Ведет передачу Михаил Соколов.
Полная видеоверсия эфира
Михаил Соколов: Сегодня в нашей студии писатель Владимир Козлов. Мы ждем профессора Высшей школы экономики Эмиля Паина. На связи по скайпу из Петербурга будет спортивный комментатор Федор Погорилов. И из Лилля к нам присоединится болельщик и политик Кирилл Шулика. Предыстория к событиям дня: Россия проиграла Словакии на чемпионате Европы по футболу 1:2. Я читаю мем дня, наверное: "Нам нужна другая сборная России". В драке с англичанами в Марселе, как выясняется, пострадали более 30 человек, двое в больнице с тяжелыми травмами. Сборная России получила условную дисквалификацию и штраф 150 тысяч евро. Группа фанатов была задержана французской полицией. Глава МИДа Сергей Лавров назвал это "неприемлемым". Поддержал участников погрома депутат Госдумы от ЛДПР Игорь Лебедев. Официальный представитель Следственного комитета Владимир Маркин писал, что дравшиеся болельщики – нормальные мужики, а потом развивал свои мысли на телеэкране. Пресс-секретарь Владимира Путина Дмитрий Песков мягко осудил погромы. Мы разберемся, почему многие во власти России поддерживают фанатов, какой футбольный мир путинская Россия привезла в Европу и что происходит в этом мире фанатского движения.
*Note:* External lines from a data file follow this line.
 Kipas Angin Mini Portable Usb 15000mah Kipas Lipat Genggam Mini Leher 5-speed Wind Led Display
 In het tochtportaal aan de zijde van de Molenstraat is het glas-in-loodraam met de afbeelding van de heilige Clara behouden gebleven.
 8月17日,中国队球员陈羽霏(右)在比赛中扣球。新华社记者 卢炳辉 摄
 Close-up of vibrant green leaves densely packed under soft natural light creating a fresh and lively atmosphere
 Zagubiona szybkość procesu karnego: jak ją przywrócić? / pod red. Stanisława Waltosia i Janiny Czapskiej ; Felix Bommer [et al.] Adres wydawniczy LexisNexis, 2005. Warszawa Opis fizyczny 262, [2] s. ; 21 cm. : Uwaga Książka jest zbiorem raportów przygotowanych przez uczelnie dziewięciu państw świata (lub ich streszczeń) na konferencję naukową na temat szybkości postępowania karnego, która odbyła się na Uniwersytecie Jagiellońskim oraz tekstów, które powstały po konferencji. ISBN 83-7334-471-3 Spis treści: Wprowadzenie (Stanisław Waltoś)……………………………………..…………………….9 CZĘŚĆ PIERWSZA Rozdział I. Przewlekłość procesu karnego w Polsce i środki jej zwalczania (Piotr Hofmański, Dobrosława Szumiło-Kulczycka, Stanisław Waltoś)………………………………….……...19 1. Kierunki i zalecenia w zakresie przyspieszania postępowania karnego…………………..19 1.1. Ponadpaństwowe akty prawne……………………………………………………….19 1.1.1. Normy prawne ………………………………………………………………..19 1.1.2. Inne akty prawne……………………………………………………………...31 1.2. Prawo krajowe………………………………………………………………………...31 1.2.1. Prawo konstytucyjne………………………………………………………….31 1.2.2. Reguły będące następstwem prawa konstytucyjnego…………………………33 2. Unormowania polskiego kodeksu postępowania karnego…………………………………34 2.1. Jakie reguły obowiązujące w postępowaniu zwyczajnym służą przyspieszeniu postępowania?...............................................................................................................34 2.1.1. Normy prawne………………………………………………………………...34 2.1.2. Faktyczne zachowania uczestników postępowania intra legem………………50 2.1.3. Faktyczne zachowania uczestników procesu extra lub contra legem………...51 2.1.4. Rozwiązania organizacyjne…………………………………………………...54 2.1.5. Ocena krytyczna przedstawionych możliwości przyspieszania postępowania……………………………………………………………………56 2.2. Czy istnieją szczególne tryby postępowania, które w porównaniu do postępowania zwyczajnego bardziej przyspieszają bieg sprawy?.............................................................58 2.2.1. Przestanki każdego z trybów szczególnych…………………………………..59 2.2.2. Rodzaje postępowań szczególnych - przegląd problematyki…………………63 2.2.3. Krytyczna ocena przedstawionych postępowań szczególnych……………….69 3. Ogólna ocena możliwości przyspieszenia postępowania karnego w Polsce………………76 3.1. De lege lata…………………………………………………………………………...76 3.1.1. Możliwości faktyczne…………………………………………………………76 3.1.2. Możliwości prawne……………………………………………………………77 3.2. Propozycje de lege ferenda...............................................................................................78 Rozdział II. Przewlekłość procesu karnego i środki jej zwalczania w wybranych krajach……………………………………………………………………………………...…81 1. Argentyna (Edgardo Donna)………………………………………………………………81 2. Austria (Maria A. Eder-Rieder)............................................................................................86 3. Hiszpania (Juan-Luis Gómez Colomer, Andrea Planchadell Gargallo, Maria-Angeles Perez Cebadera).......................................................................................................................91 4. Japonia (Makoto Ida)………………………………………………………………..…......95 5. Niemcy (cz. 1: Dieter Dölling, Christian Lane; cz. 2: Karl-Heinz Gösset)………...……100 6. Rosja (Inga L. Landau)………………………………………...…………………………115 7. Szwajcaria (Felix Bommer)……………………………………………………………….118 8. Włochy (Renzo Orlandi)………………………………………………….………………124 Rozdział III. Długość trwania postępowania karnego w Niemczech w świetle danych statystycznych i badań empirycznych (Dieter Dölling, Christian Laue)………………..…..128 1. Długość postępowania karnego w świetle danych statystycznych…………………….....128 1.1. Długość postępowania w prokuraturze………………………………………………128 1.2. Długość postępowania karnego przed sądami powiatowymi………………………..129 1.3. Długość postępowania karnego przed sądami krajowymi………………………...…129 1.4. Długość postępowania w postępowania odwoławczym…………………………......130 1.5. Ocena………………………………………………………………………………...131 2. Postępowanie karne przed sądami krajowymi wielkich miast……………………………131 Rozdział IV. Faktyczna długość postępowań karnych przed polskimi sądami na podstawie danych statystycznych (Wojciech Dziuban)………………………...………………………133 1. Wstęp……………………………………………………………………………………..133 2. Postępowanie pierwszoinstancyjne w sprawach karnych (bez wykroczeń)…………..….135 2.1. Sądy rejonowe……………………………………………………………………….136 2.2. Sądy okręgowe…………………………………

Кирилл, хотел узнать, какая была обстановка перед матчем со Словакией, что вы видели, были ли какие-то стычки?
Кирилл Шулика: Нет, никаких стычек не было в городе, я, по крайней мере, ни одной стычки не видел. На стадионе все спокойно, достаточно мирная обстановка была и на фанатских трибунах, и за воротами. Единственное, после гола нашего, который Глушаков забил, на нашей трибуне подожгли два файера, долго стоял дым, потому что стадион под крышей находится. Я думаю, что УЕФА вновь на файеры отреагирует, потому что сейчас с пиротехникой на стадионах идет серьезная борьба.
Михаил Соколов: Как вообще воспринимали этот матч, который Россия проиграла, болельщики? Спокойно все, кроме этих файеров?
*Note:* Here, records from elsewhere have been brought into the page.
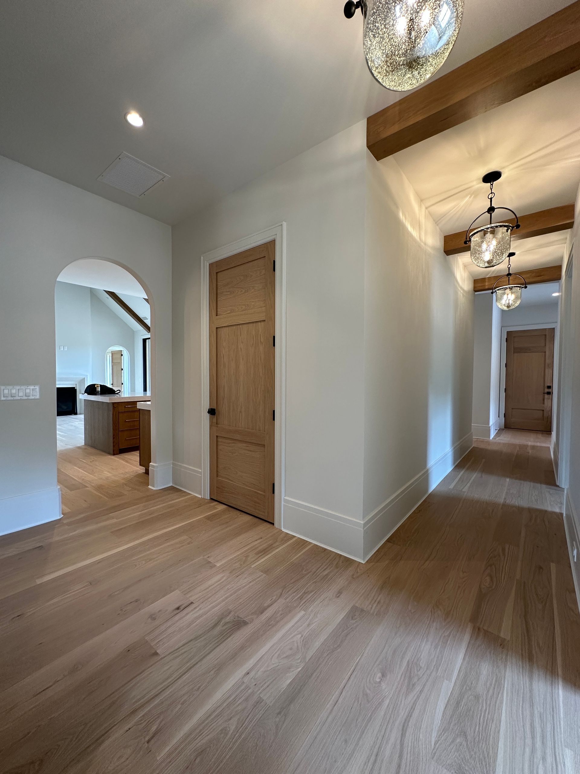 A hallway with wooden floors and white walls
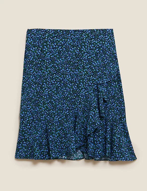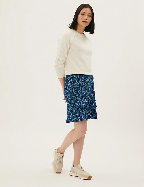 Fresh florals feature throughout this playful mini skirt. It’s cut to a flattering regular fit and sits high on the waist, with a ruffled mock-wrap finish. This piece fastens with a concealed zip at the back. Made with sustainably sourced viscose.
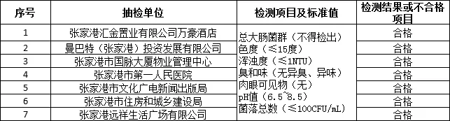 按照GB5749-2022《生活飲用水衛生標準》,委托第三方對總大腸菌群、色度、渾濁度、臭和味、肉眼可見物、pH值、菌落總數等項目進行了檢測。經檢測,7家單位所檢項目全部合格,合格率為100%。現將具體檢測結果情況公告如下:
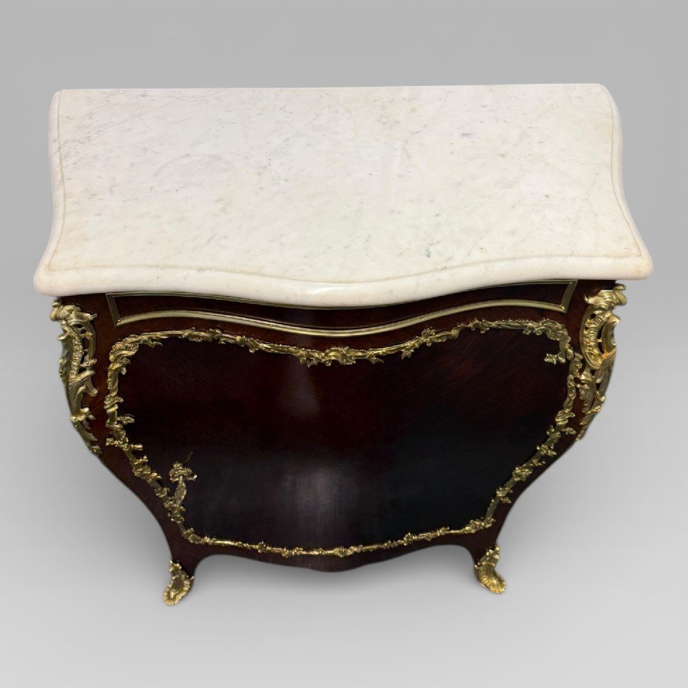 See shipping detailsA pair of late 19th century French kingwood bombe-shaped cabinets, dating to the Belle Époque period (circa 1870–1914), each surmounted by a white Carrara marble top with softly rounded edges. The cabinets are by E. Kahn & Cie. of Paris, with the ormolu mounts stamped “KAHN” to the reverse.
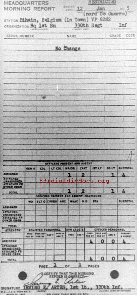 Morning report HQ1BN/330 for January 12, 1945
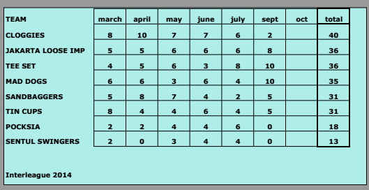 Whether you are playing regular Tee Set or Interleague it looks like being a fine day out on of Jakarta’s premier courses with the weather continuing to smile on us every week – and decent beer at 35,000 a glass at the 19th. Mind numbing prices on the course though, so you may care to take the usual mitigating measures.
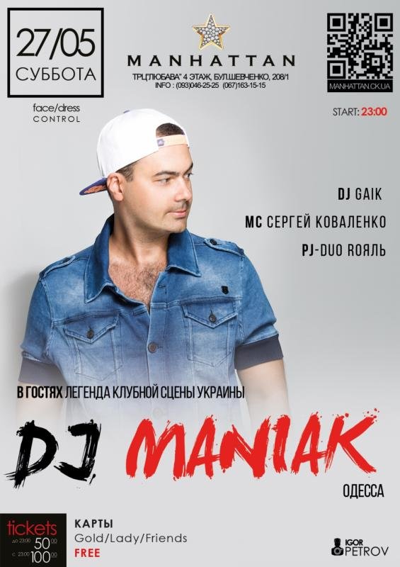 В гостях легенда клубной сцены Украины DJ MANIAK. Самые крутые треки, самые популярные песни, музыкальный ритм который пронизывает ваше тело и дарит незабываемые ощущения и эмоции.
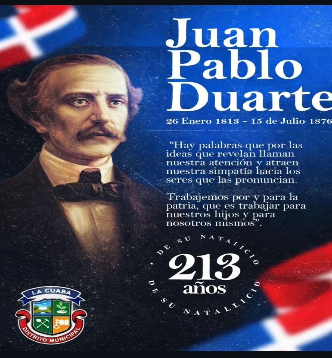 Hoy honramos el legado del padre de la patria, juan pablo duarte a sus 213 años de su natalicio, Su vision, valentia y amor por la libertad siguen siendo luz y guia para nuestra nacion.
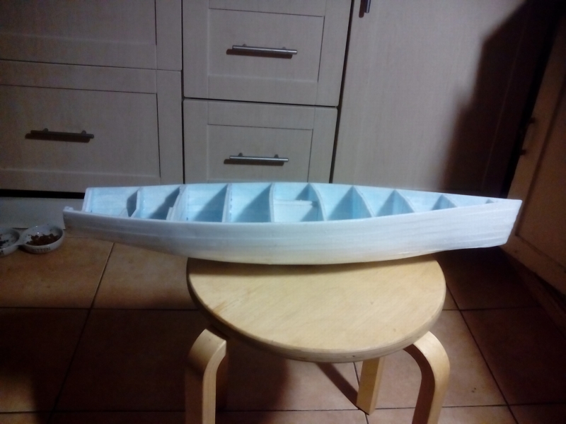 привет ИГОРЬ чем будешь обшивать корпус.дальнейшие действия.-проклейка стеклотканью со смолой-шпаклевка-покраска.готовый корпус с палубой желательно сделать 60 граммов.потом будешь набирать на рангоуте и т. д .с ув. Александр.
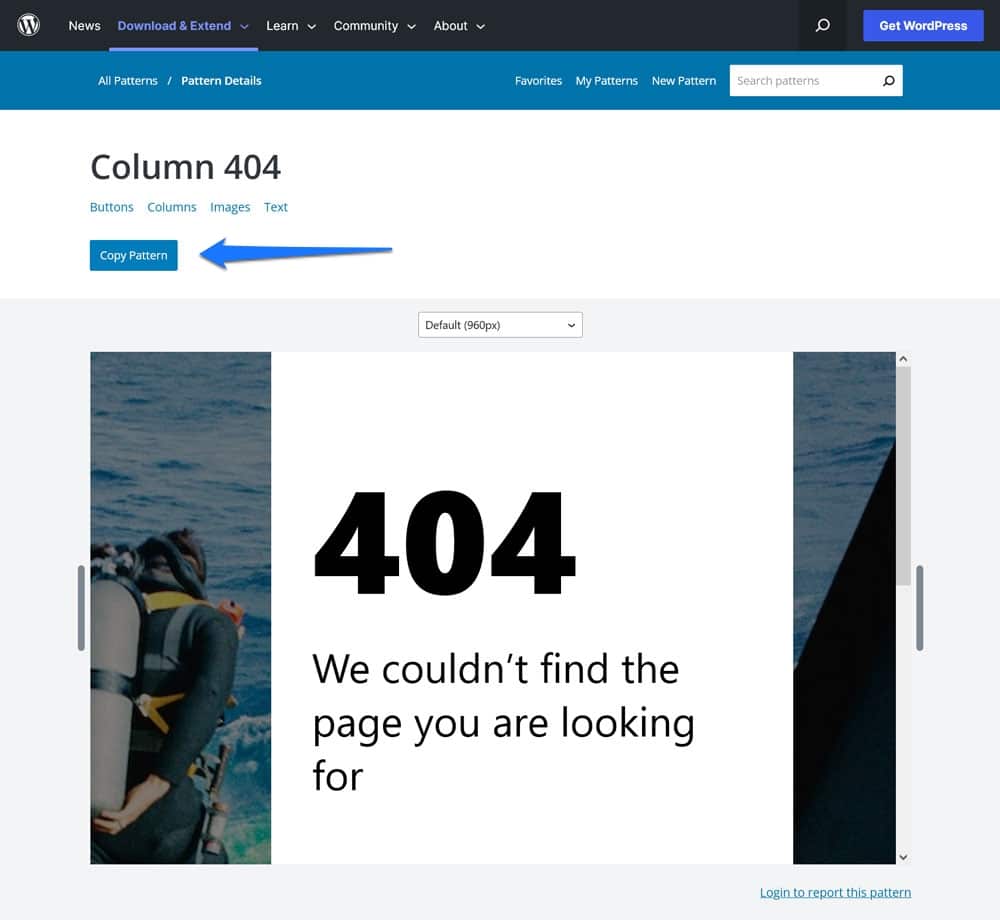 Once you have found something, click on it to get to the pattern page. Here, simply click the Copy Pattern button at the top.

Кирилл Шулика: Спокойно. Я сидел на трибуне, очень многие не разочаровались. Понятно, что эта сборная России, которая сейчас есть, она показывает свой максимум. Лучше они играть не могут, у нас просто нет других футболистов. Кстати очень порадовались голу, который в конце первого тайма словаки забили.
Михаил Соколов: Матч кончился, что сейчас происходит?
Кирилл Шулика: Я сейчас у станции метро нахожусь, которая у стадиона. Уже болельщики практически все разъехались, сейчас, думаю, в барах будут сидеть, нормальная вполне ситуация, абсолютно рабочая.
Михаил Соколов: Слава богу, в этот раз все ничего. А как-то обсуждали события в Марселе на трибунах, среди тех, кто собрался?
Кирилл Шулика: Я на центральной трибуне сидел, обсуждалось все это. Говорят, что это отморозки, потому что ситуация серьезная, сборную дисквалифицировали условно. Говорят, что 11 человек, которых вчера отвезли в Марсель, отпустили, но они не успели на матч, остальные находятся в участке, как я понимаю, с ними ведется работа. Говорят, что хотят найти семь человек, которые фактически до смерти избили английского болельщика.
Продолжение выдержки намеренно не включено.